> [RECORDS PROVIDED]
+-------+

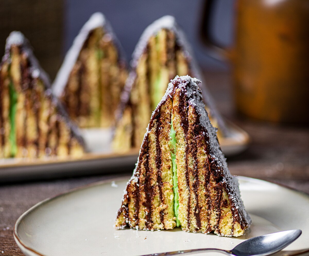 Lipiți cele două bucăți spate în spate (pe latura cea mai mare) cu crema rămasă. Prăjitura începe să arate ca un munte/triunghi! Dacă vreți să respectați convenția și să puneți și crema verde puteți freca puțin unt cu colorant verde și zahăr pudră și să uniți cele două bucăți cu crema rezultată.
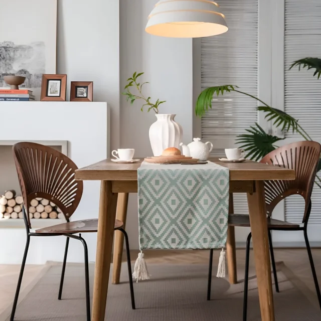 Nordic Geometric Jacquard Table Runner with Tassels – Elegant Dining Decor
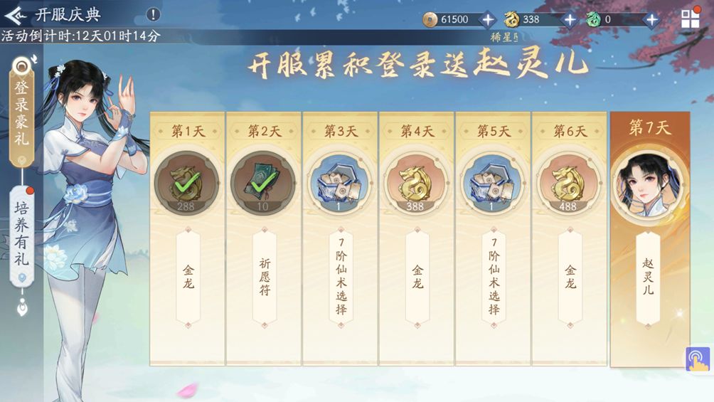 A. 开服庆典活动。此活动给与大量福利。务必全部完成。优先级别很高。请记住。除非欧皇,否贼这个雷系赵灵儿将是你首个需要培养满星的C。(此活动从开服当日算起,共持续14日)
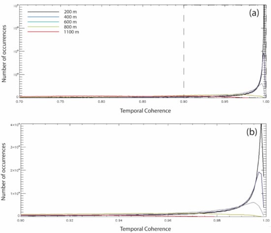 where is the vector of the residues of the LS solution of the system of Linear Equation (4). Accordingly, the significant uncorrelated phase terms and phase unwrapping mistakes translated to low values of temporal coherence. Thus, those pixels with values of the temporal coherence below a fixed threshold (e.g., 0.7) were discarded from the consequent analyses.
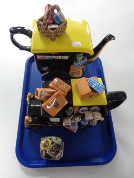 A tray containing two Ringtons novelty teapots, the Tea Merchant teapot No. 44 of 17,500 and the Ringtons Van teapot No. 959 of 17,500, with sugar basin

+-------+

> [ASSIGNED TASK]
The entire listing above, minus its pictures, should be copied out exactly.

> [ANSWER BOX]
 Lipiți cele două bucăți spate în spate (pe latura cea mai mare) cu crema rămasă. Prăjitura începe să arate ca un munte/triunghi! Dacă vreți să respectați convenția și să puneți și crema verde puteți freca puțin unt cu colorant verde și zahăr pudră și să uniți cele două bucăți cu crema rezultată.
 Nordic Geometric Jacquard Table Runner with Tassels – Elegant Dining Decor
 A. 开服庆典活动。此活动给与大量福利。务必全部完成。优先级别很高。请记住。除非欧皇,否贼这个雷系赵灵儿将是你首个需要培养满星的C。(此活动从开服当日算起,共持续14日)
 where is the vector of the residues of the LS solution of the system of Linear Equation (4). Accordingly, the significant uncorrelated phase terms and phase unwrapping mistakes translated to low values of temporal coherence. Thus, those pixels with values of the temporal coherence below a fixed threshold (e.g., 0.7) were discarded from the consequent analyses.
 A tray containing two Ringtons novelty teapots, the Tea Merchant teapot No. 44 of 17,500 and the Ringtons Van teapot No. 959 of 17,500, with sugar basin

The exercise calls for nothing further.